The main steps of fitting a Baysian model using R2jags are the following:

  1. Define the JAGS model (as a function);
  2. Prepare the data , which should be passed on as a list. Note that this list should include other known variables not in the data, like the length N of the data vector, when this N is used in the JAGS model definition (e.g. in a for loop);
  3. Identify the parameters whose posterior distribution are of interest.
  4. Define starting values for JAGS. We need starting values for all the stochastic nodes (unknoen parameters, missing data) in each chain. Initial values should be passed on as a list. Note that JAGS runs without user-defined starting values, in which cases it generates its own initial values.

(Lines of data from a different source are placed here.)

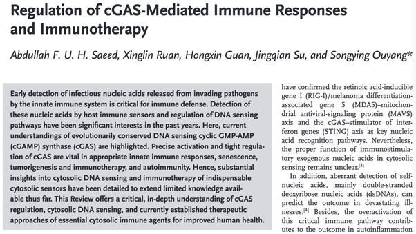 近日,OD(中国)一站式服务平台生命科学学院、南方生物医学研究中心欧阳松应教授课题组,以《Regulation of cGAS-Mediated Immune Responses and Immunotherapy》为题,在国际顶级综合性期刊《Advanced Science》(IF= 15.804)上发表。该课题组长期从事cGAS-STING天然免疫信号通路识别外源病原微生物分子机制研究。
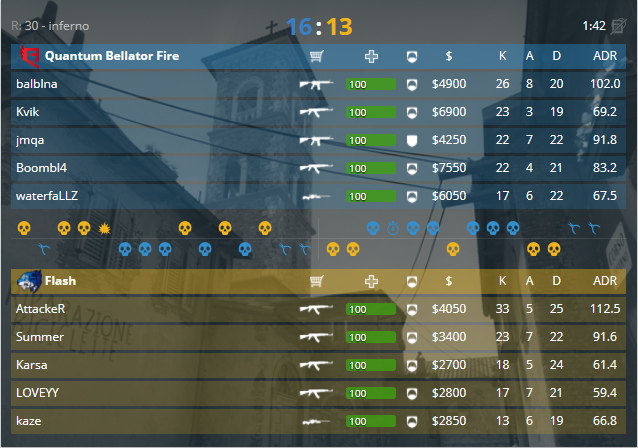 Карта номер 5 состоялась между Flash Gaming и Quantum Bellator Fire, локация для противостояния, - de_inferno. Легкая и красивая пистолетная атака, которая досталась коллективу QB.Fire, 0-1. Быстрая ответка форсированным байем, 1-1. Серию от террористов в три раунда была прервана защитной, счёт 4-4. Очень быстрые раунды начинают ставать просто бешеными, в результате, - качельные 8-7. Вторая пистолетка падает в копилку китайскому коллективу, счёт 9-7. Закупы и размены раундами, с пушем банана, защита выходит вперёд, 11-12. Финальная стадия встречи прошла под диктовку «месье рандома», непонятные раунды в копилку, клатчи, и счёт встречи, - 16-13 для QB.Fire.
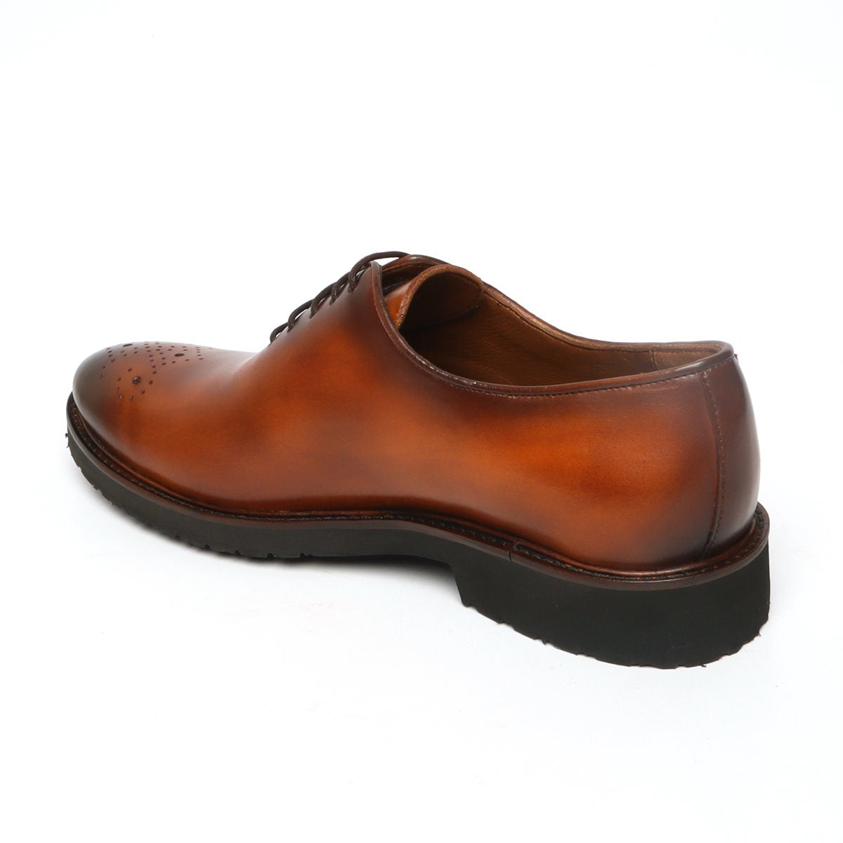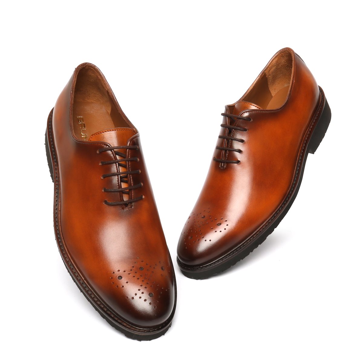Light Weight Tan Leather Shoes Whole Cut/One Piece Medallion Toe Oxford Lace-Up By Brune & Bareskin

But this is not recommended, especially for complex models;
  5. Fit the model in JAGS.
    The most important arguments of the #jags# function includes:
     *data* (data list), inits (list of initial values),     
     *parameters.to.save* (parameters of interest), 
     *n.chains* (number of MC chains - each gives a sequence of simulated values), 
     *n.iter* (number of iterations in the sampling process), 
     *n.burnin* (number of initial samples to discard), 
     *model.file* (the JAGS model definition);
    
  6. Convergence diagnostics. Update if convergence hasn't reached;
  7. Once we are satisfied that the chains have converged, we can start the statistical inference. E.g. we can plot the posterior density, get point estimates and interval estimates by extracting the posterior mean and credible intervals.

To demonstrate the structure of a Baysian model fit using R2jags we will consider some examples with increasing complexity.
For reproducibility we should always set the seed, e.g. set.seed(45621)

Coin example

Suppose we want to known the probability of getting 8 or more heads when we toss a fair coin 10 times.
When we toss a fair coin 10 times, the number of heads Y follows a binomial distribution with parameters n=10 and p=0.5. We are interested in $P(Y>=8)$.
First we represent this model using the BUGS language. Recall that ~ is used to represent stochastic dependent, and <- is used to represent logical dependence.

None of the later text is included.